Вилли, потупив глаза — очевидно, работа не задалась, ибо он уже запихивал машинку под стол, — выпрямился и, казалось, весь напрягся, как будто ничего иного ему не оставалось, да и не хотелось. Некоторое время он стоял, глядя в окно. Лессер посмотрел туда же, но ничего не увидел.

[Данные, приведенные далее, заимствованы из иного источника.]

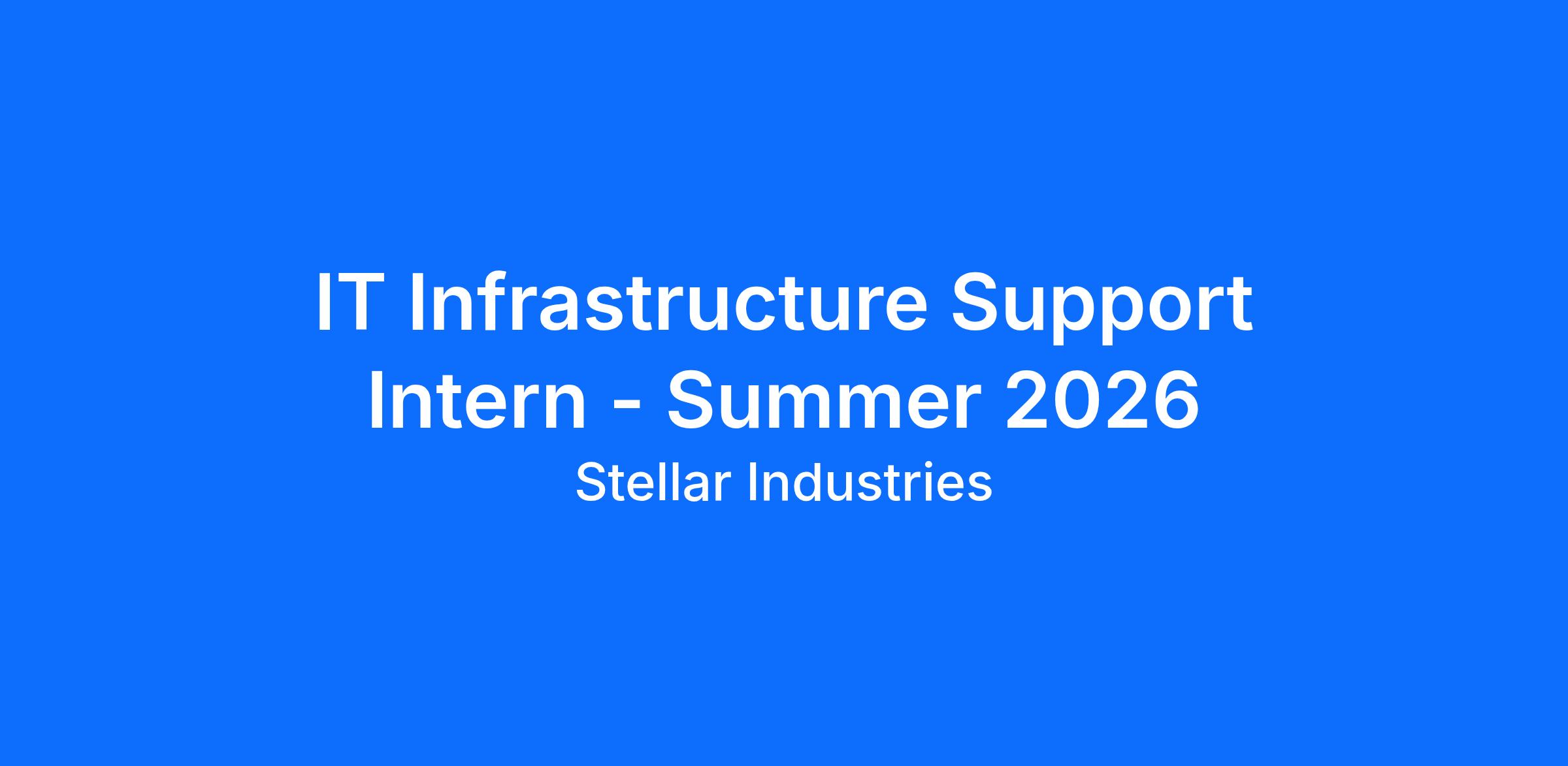 Summary: The Information Technology Infrastructure support Intern works closely with Information Technology Leadership and other IT employees on various Information Technology tasks and projects. The responsibilities of the Information Technology Intern vary based on assignments and department needs. At Stellar Industries, Inc. we strive to provide interns with an understanding of information technology functions in a manufacturing organization as well as opportunity to apply what has been learned in the classroom in a dynamic business setting.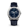 New unworn luxury 18k White Gold ladies’ with a highly refined exterior Patek Philippe Grand Complication watch, with minute repeater, 36mm, Reference 7040/250G-001. The gold dial plate is hand-guilloched with a swirling pattern, then coated with transparent blue enamel revealing the underlying decoration, a rare handcrafts technique known as flinqué enamel. The 18k White Gold Spear-shaped hands and similar hour markers look exquisite on it. The feature of this model is minute repeater with chime by the tuneful sound of its two classic gongs. A practical addition is a small second’s sub-dial located at the 6 o’clock position. 18k White Gold crown with ribbed edge for comfortable grip and logo Patek Philippe. The dial closed by a Scratch-resistant Sapphire Crystal and sapphire-crystal case back (also accompanied by interchangeable). The watch is equipped fixed polished 18k White Gold bezels lit up by a double row of 168 Top Wesselton Pure diamonds (~0.78 ct) set using the “Flamme®” technique. The watch Patek Philippe Calibre R 27 PS Self-winding mechanical movement, containing 39 Jewels, and has a power reserve of min. 43 hours – max. 48 hours. This model presented on ocean blue patinated Alligator leather with square scales, hand-stitched and 18k White Gold Diamond-set 26 diamonds: ~0.18 ct prong buckle. Humidity- and dust-protected only not (water-resistant).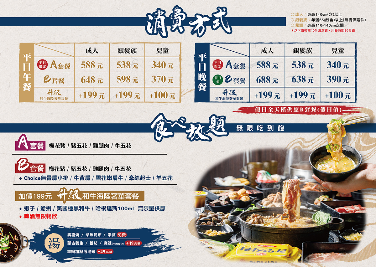 壽喜燒/柴魚昆布/素食 免費 蒙古養生/番茄/麻辣(牛肉成分)+49元/鍋 |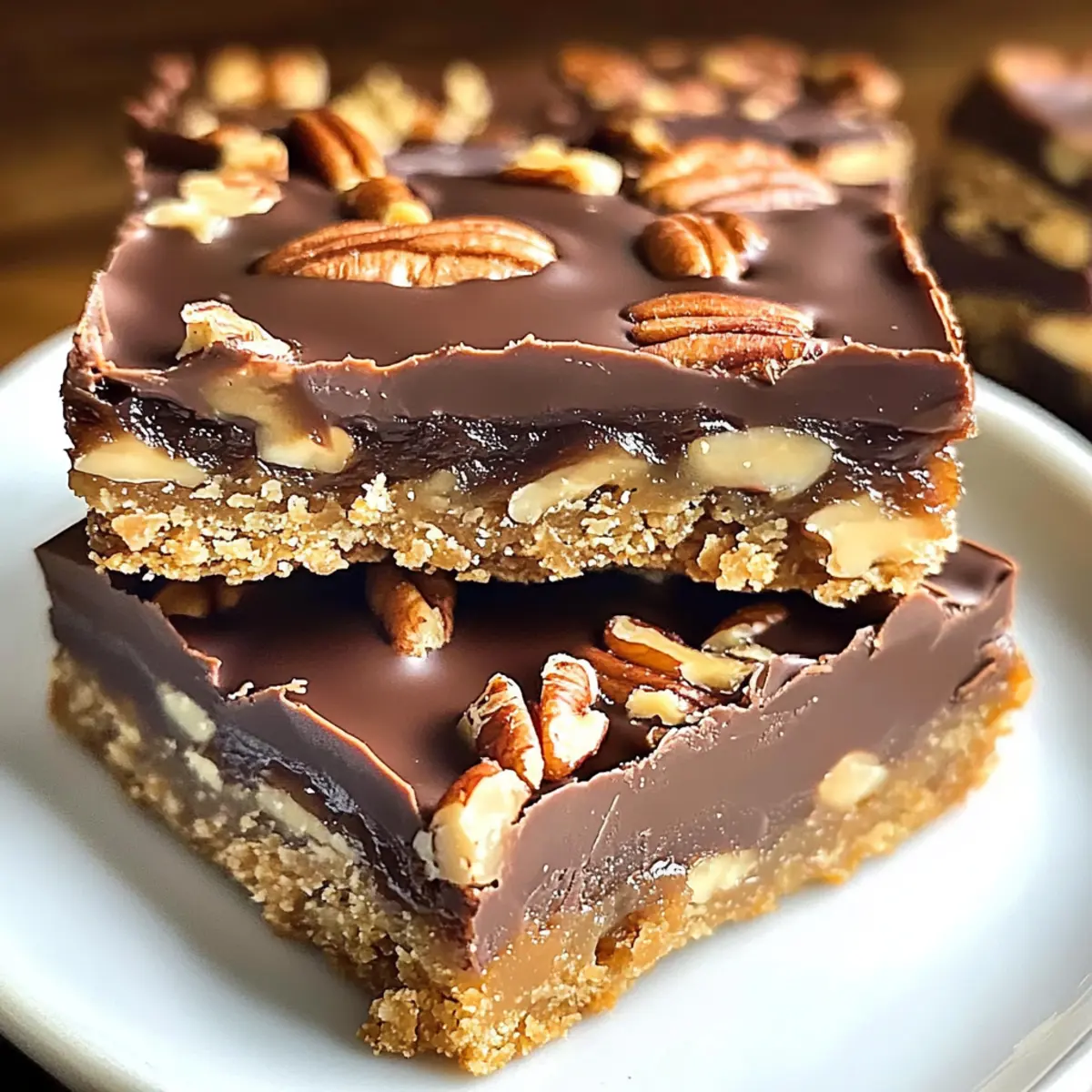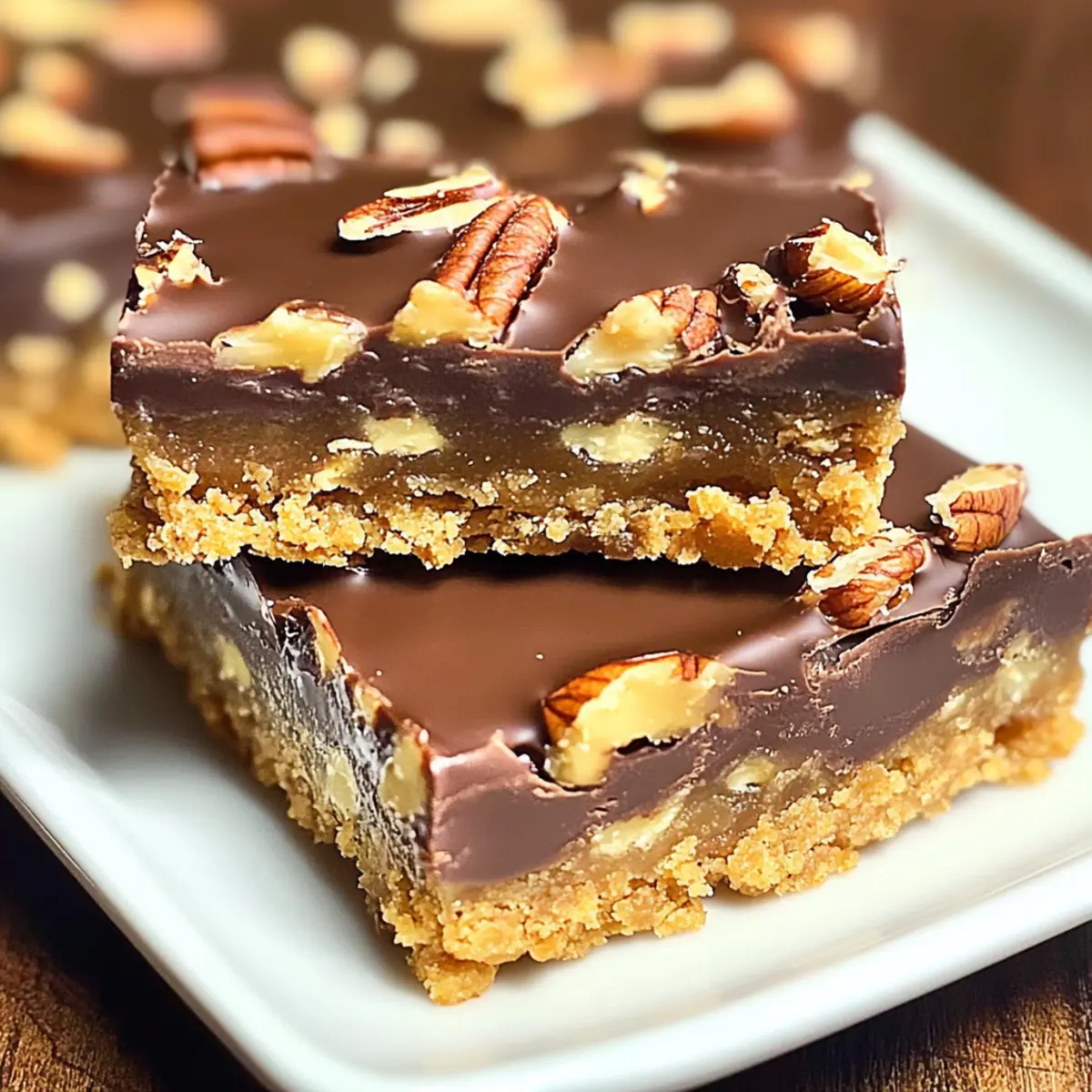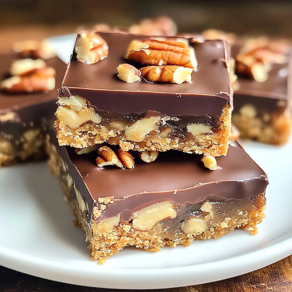 Als ich letztens in der Küche stand und die süßen Aromen der schmelzenden Schokolade erfüllten den Raum, wusste ich sofort, dass etwas Außergewöhnliches entstehen würde. Die No-Bake Graham-Keks-Toffee-Riegel sind nicht nur eine einfache und schnelle Lösung für süße Gelüste, sondern auch ein echtes Highlight bei jeder Zusammenkunft. Diese köstlichen Riegel verbinden die perfekte Mischung aus knusprigen Graham-Keksen, cremigem Schokoladengenuss und knackigen Pekannüssen, was sie zum idealen Snack für jeden Anlass macht. Und das Beste daran? Man kann sie ganz leicht anpassen, um sie glutenfrei oder vegan zu machen! Bereit, die nächste Geschmacksexplosion zu entdecken? Warum werden Sie dieses Rezept lieben? Einfachheit: Die Zubereitung der Graham-Keks-Toffee-Riegel könnte nicht einfacher sein! Mit nur wenigen Zutaten und minimalem Aufwand zaubern Sie im Handumdrehen einen köstlichen Snack. Vielseitigkeit: Mit der Möglichkeit, verschiedene Schokoladensorten oder Nüsse zu verwenden, können Sie dieses Rezept ganz nach Ihrem Geschmack anpassen. Möchten Sie eine veganfreundliche oder glutenfreie Variante? Kein Problem! Aromatische Kombination: Die Mischung aus geschmolzener Schokolade und knackigen Pekannüssen sorgt für einen Geschmack, der nicht nur den Gaumen erfreut, sondern auch Erinnerungen an gemütliche Familienbäckerei weckt. Schnelligkeit: Perfekt für unerwartete Gäste oder eine süße Gelüste in Eile – die Riegel sind ohne Backen schnell zubereitet und erfordern nur wenig Vorbereitungszeit. Beliebtheit: Egal ob bei Familienfeiern oder entspannten Abenden mit Freunden, diese Riegel sind ein echter Hit und bringen jeden zum Schmelzen! Wenn Sie nach weiteren tollen Rezepten suchen, probieren Sie auch unsere no-bake Desserts für mehr Ideen! Graham-Keks-Toffee-Riegel Zutaten Für die Riegel • Honig Graham-Kekse – Bieten eine süße, knusprige Grundlage für die Riegel. Substitution: Verwenden Sie glutenfreie Graham-Kekse, wenn nötig. • Butter – Fügt Reichtum hinzu und hilft, die Riegel zu verbinden. Tipp: Wählen Sie ungesalzene Butter, um den Geschmack zu kontrollieren. • Almond Hershey’s Riegel – Sorgt für schokoladige Süße und Mandelgeschmack. Substitution: Schokoladenstückchen können als Alternative verwendet werden. • Brauner Zucker – Trägt zur Süße bei und schafft eine klebrige Karamell-ähnliche Konsistenz in der Mischung. Substitution: Kokosblütenzucker bietet eine niedrigere glykämische Option. • Hakkte Pekannüsse – Fügen eine knusprige Textur und nussigen Geschmack hinzu. Substitution: Andere Nüsse wie Walnüsse oder Mandeln können ebenfalls verwendet werden. Für die Variationen • Veganer Ersatz – Tauschen Sie Butter gegen pflanzliche Margarine aus, um eine vegane Variante zu kreieren. • Tropische Note – Fügen Sie geriebenen Kokos an, um einen tropischen Twist zu erhalten. • Würziger Kick – Streuen Sie eine Prise Cayennepfeffer oder rote Chiliflocken für eine scharfe Überraschung hinein. Hinweis: Dieses Rezept der Graham-Keks-Toffee-Riegel ist nicht nur einfach zuzubereiten, sondern auch vielseitig anpassbar, um alle Geschmäcker zu befriedigen! Schritt-für-Schritt-Anleitung für Graham-Keks-Toffee-Riegel Schritt 1: Ofen vorheizen und Backform vorbereiten Heizen Sie den Ofen auf 175 °C vor und fetten Sie eine 23×33 cm große Backform leicht ein. Dies sorgt dafür, dass die Riegel nicht ankleben und sich nach dem Backen leicht aus der Form nehmen lassen. Stellen Sie sicher, dass die Form gleichmäßig gefettet ist, um ein einfaches Herauslösen zu gewährleisten. Schritt 2: Graham-Kekse schichten Legen Sie die Honig Graham-Kekse gleichmäßig auf den Boden der gefetteten Backform, ohne sie zu überlappen. Dies bildet die knusprige Basis für die Graham-Keks-Toffee-Riegel. Achten Sie darauf, dass die Keksstücke dicht beieinander liegen, um eine stabile Grundlage zu erzielen. Schritt 3: Butter und Zucker schmelzen In einem mittelgroßen Topf bei mittlerer Hitze die Butter und den braunen Zucker kombinieren. Rühren Sie die Mischung kontinuierlich, bis die Butter schmilzt und eine glatte, sprudelnde Konsistenz erreicht ist, was etwa 3 bis 5 Minuten dauert. Achten Sie darauf, die Mischung nicht zu lange zu kochen, damit sie nicht anbrennt. Schritt 4: Mischung über Kekse gießen Gießen Sie die geschmolzene Butter-Zucker-Mischung gleichmäßig über die vorbereiteten Graham-Kekse. Verwenden Sie einen Spatel, um die Mischung sanft zu verbreiten, sodass alle Kekse gut bedeckt sind. Dies sorgt für eine gleichmäßige Verteilung des süßen Karamellgeschmacks in den späteren Riegeln. Schritt 5: Schokolade und Nüsse hinzufügen Zerteilen Sie die Almond Hershey’s Riegel und streuen Sie die Stücke zusammen mit den gehackten Pekannüssen gleichmäßig über die noch warme Mischung. Dies ermöglicht, dass die Schokolade beim Backen schmilzt und eine köstliche Schicht bildet. Stellen Sie sicher, dass die Nüsse gleichmäßig verteilt sind, um jeden Biss zu bereichern. Schritt 6: Backen Backen Sie die Riegel im vorgeheizten Ofen für 10 bis 12 Minuten, bis die Mischung sprudelt und die Ränder goldbraun werden. Halten Sie ein Auge darauf, da die Riegel schnell überbacken können. Die goldene Farbe zeigt an, dass die Riegel perfekt sind und die Aromen miteinander verschmelzen. Schritt 7: Abkühlen und schneiden Lassen Sie die Graham-Keks-Toffee-Riegel vollständig in der Form abkühlen, bevor Sie sie in Quadrate schneiden. Dies verhindert, dass die Riegel beim Schneiden auseinanderfallen und sorgt für eine bessere Struktur. Warten Sie, bis sie auf Zimmertemperatur sind, um das perfekte Ergebnis zu erzielen. Graham-Keks-Toffee-Riegel Variationen Mach dieses köstliche Rezept noch spannender mit deinen eigenen Ideen! Lass deiner Kreativität freien Lauf und entdecke neue Geschmackskombinationen. Vegan: Tausche die Butter gegen pflanzliche Margarine aus, um sie für Veganer geeignet zu machen. So bleibt 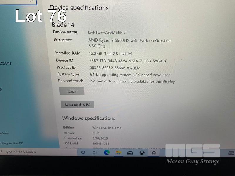 GAMING LAPTOP, RAZER BLADE 14, RZ09-0370, AMD RYZEN 9 5900HX @ 3.3GHz, 16GB RAM, 1TB NVMe M.2 SSD, 8GB NVIDIA GEFORCE RTX 3070 VIDEO, WINDOWS 10 HOME INSTALLED & POWER SUPPLY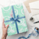 Maßgeschneidertes Umschlagpapier mit dem Namen des Empfängers, gedruckt auf Umschlagpapier! Wie cool ist das! Frühlingspastel Minze Grün und Weiß Vintage Retro Fahrrad Umschlag Papier über Minze Grünbuch. Dieses Retro-Fahrradmuster in Pastellfarben ist ideal für Ostern oder Frühjahr Geburtstage oder Frühjahr Baby-Duschen oder Babygeschenke oder kleine Babyboys oder Big Boys auch! Vielleicht ist der Metallkorb auf dem Fahrrad einfach zu niedlich für Worte. Das zufällige Muster des Retrobikes ist charmant und süß genug, um jedem ein Lächeln ins Gesicht zu geben!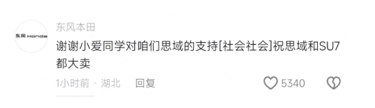 而被這潑天富貴砸中的東風(fēng)本田,也很快反應(yīng)過來,一上午忙著在評(píng)論區(qū)和網(wǎng)友互動(dòng),回復(fù)的內(nèi)容也很有趣。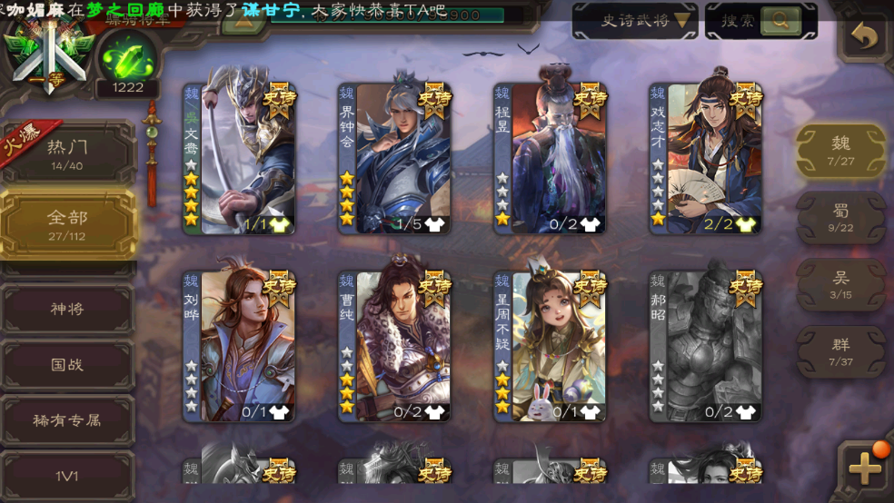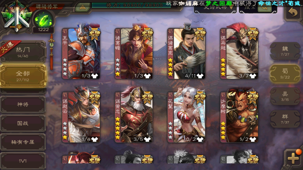 (有点将卡)动刘焉-势若万钧回廊文鸯-谋诸葛亮-谋黄忠-动界徐盛-动界左慈麹义(白马)动神吕布神赵云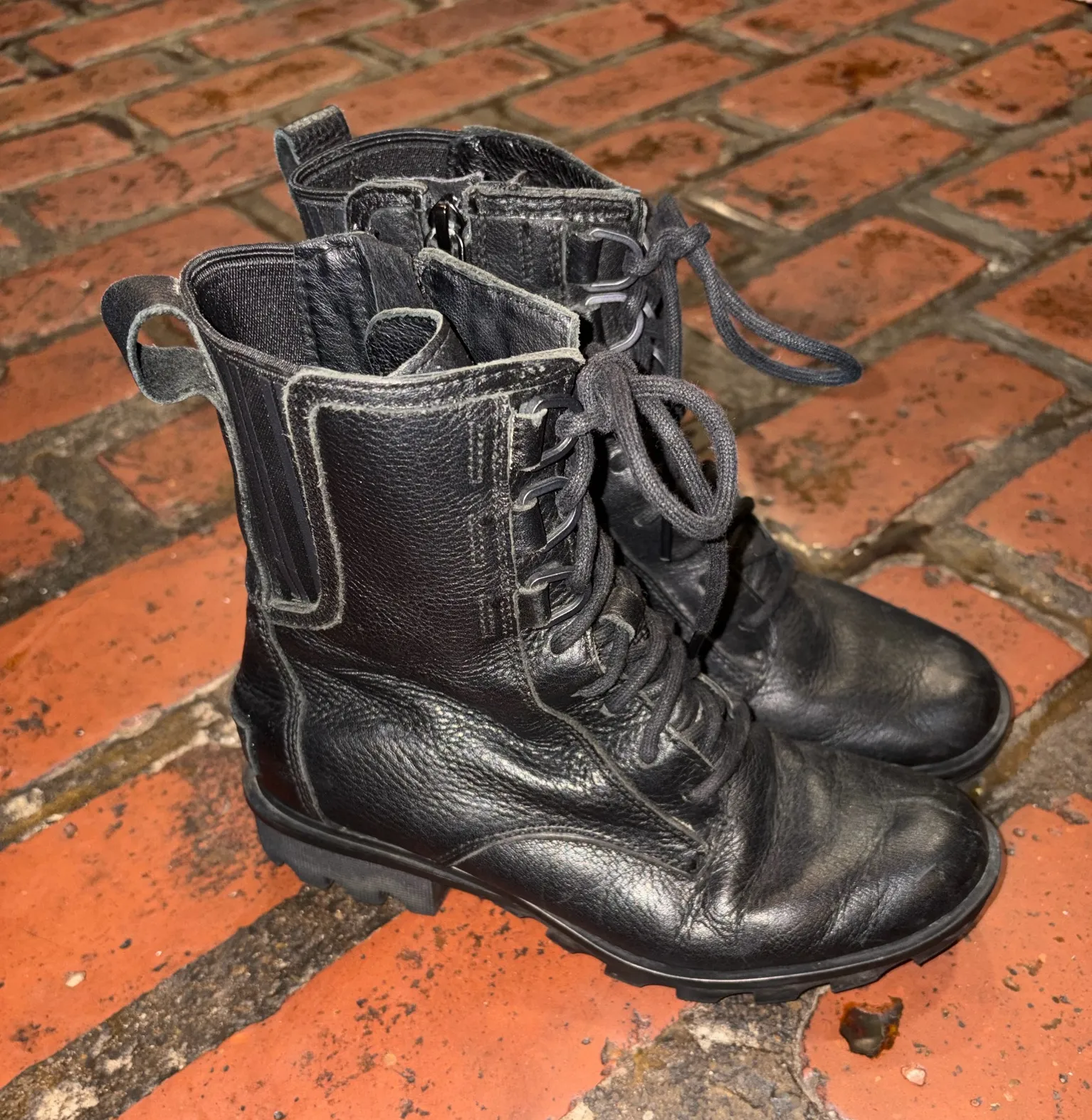 SOREL Phoenix Lace Leather Black Biker Waterproof Combat Boots Women's Sz 6.5 - $53 - From Chelsea

Вилли все глядел и глядел в окно, затем отвернулся, как будто, сколько б он ни смотрел, там не было того, что он искал. То, что он искал — если искал вообще, — было в этой комнате. Да и в комнате он не был в полном смысле слова. Но вот прошло какое-то время — и он уже вместе с Лессером, в его кабинете; он сидит, как статуя черного дерева, на стуле с прямой спинкой, и никто, констатировав его присутствие, не сослужит ему службу Пигмалиона. Он сам высек из себя статую.

*

Писатель, сидя на кушетке, подается вперед, потирает сухие белые ладони.

— Выпьем?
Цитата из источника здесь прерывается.